Most people do not even know she suffers with bipolar. We tell only a few close friends. I think that even our own children don’t fully understand it, nor how it afflicts their brother and sister. Most people don’t understand it, and in fact most are at a total loss how to be encouraging or supportive. My wife was in a women’s group at church until one day they got on a tangent talking about women with bipolar and how crazy and unreliable they are. She sat there in silence, listening to all their ignorant judgment. She never went back.

People with bipolar and mental diseases used to be kept in an institution, locked in a back bedroom, or otherwise ostracized from “normal” society. Today, with medications, most try to be a functional part of family and society. How will we engage them? With blame or impatience? Avoidance or disgust? Or are we willing to learn how to love and encourage those who are depressed and addicted, who have been given a lot in life, not of their own choosing, a disease which is extremely overbearing and debilitating? God loves each one, dearly, and we should, too.

Motivated by Love


“My father surprised me. I did the worst thing imaginable, and I expected the worst punishment my Father could think of. But, instead, he forgave me. And he said, genuinely, and lovingly, don’t let it happen again.”

We were discussing the concept from Titus 2:10, that “The grace of God teaches us to say “no” to ungodliness and worldly passions, and to live self-controlled, upright, and godly lives.” Someone asked the question, how does grace motivate us to say “No” to temptations? It seems that rules, commands, and legalistic expectations would be far more effective in persuading us to be obedient, compliant, and to stay out of trouble. Fear of punishment is a far greater motivator than grace, it would seem.

But our storyteller in the group that night went on to tell us how that exchange with his father affected him some fifty years earlier in his life, when he was about twelve years old. He said that he was so moved by his Father’s love and forgiveness that he never did that horrible misdeed again. Never. Furthermore, he never even considered doing anything like it.

Wow! That was a perfect illustration of the power of love. Not only human love, but the love of our Father above.

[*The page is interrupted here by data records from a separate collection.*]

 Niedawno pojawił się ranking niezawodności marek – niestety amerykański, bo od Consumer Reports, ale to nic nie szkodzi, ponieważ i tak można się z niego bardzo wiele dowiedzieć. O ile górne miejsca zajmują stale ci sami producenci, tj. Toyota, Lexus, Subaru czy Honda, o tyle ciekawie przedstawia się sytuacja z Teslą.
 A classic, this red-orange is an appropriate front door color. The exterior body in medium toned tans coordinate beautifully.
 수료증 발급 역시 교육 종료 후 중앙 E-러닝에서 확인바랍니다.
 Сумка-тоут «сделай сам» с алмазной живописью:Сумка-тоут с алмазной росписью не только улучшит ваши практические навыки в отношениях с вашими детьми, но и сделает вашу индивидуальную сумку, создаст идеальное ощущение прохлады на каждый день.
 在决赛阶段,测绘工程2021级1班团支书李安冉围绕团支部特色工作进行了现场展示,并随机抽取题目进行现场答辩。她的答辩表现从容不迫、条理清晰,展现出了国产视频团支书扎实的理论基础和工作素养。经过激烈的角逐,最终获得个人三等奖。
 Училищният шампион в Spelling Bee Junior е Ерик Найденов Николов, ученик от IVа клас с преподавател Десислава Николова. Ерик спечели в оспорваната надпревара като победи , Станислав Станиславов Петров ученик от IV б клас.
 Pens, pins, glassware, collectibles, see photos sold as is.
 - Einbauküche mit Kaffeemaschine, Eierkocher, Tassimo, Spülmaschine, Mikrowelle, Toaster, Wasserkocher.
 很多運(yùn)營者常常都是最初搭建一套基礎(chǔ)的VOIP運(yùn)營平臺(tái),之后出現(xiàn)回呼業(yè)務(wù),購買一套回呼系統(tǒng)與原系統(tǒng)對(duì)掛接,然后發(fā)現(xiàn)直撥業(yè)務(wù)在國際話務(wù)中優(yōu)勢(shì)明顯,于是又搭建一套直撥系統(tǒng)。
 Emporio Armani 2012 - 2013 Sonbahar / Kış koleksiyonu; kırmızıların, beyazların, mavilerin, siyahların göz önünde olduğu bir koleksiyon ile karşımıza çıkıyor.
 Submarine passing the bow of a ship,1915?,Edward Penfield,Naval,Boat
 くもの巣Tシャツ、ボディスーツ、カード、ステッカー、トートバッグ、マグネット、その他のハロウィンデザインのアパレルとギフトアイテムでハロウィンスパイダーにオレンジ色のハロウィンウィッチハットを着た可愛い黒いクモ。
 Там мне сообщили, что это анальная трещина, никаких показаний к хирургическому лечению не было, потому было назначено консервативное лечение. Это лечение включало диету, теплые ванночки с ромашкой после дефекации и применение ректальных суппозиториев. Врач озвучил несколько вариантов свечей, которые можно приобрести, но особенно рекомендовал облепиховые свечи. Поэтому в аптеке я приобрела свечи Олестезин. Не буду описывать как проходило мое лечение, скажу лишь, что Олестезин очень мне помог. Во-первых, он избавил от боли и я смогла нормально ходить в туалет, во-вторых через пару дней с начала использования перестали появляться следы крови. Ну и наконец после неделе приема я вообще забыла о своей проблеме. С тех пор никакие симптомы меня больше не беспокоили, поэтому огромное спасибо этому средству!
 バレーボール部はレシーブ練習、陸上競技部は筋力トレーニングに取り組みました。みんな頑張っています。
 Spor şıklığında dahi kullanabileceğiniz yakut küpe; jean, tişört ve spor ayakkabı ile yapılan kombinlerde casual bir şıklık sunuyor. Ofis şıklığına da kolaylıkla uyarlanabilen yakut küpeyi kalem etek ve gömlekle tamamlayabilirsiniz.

When I first came to understand grace, after being a Christian for thirty years, it transformed my life. I was able to live free from shame and enjoy my relationship with Jesus as never before. I began to contemplate, though, what is the motivation to overcome sin’s hold in my life if I live in grace? It took some time to get it dialed in, and it was probably in the rearview mirror that I realized I had discovered it. Fear of punishment had never worked. I could confess and bargain with God a hundred times and I would always fall again, swept away by the power of Sin, trusting my own willpower to conquer it so I could make God proud of me.  But as I let God’s love and grace permeate my heart and mind it became the dominant motivator as I lived in intimate fellowship with Jesus. I let go of fear of punishment, and let go of trying really, really hard not to fail, so that He could be proud of me. I rested in His incredible love and it began to transform me, giving me hope, power, purpose, and new direction. But most of all, I found myself relating to God in love -- reciprocating love. “We love because He first loved us….There is no fear in love. But perfect love drives out fear, because fear has to do with punishment.” (I Jn 4:18,19)

My life testimony now, in six words is this: “Tried so hard. Failed. Then grace."

God’s grace incorporates three main ingredients – love, forgiveness, and transformation. And the greatest of these may be love. His love motivates us to say no to ungodliness and live self-controlled lives. Thank you God for your great, great love.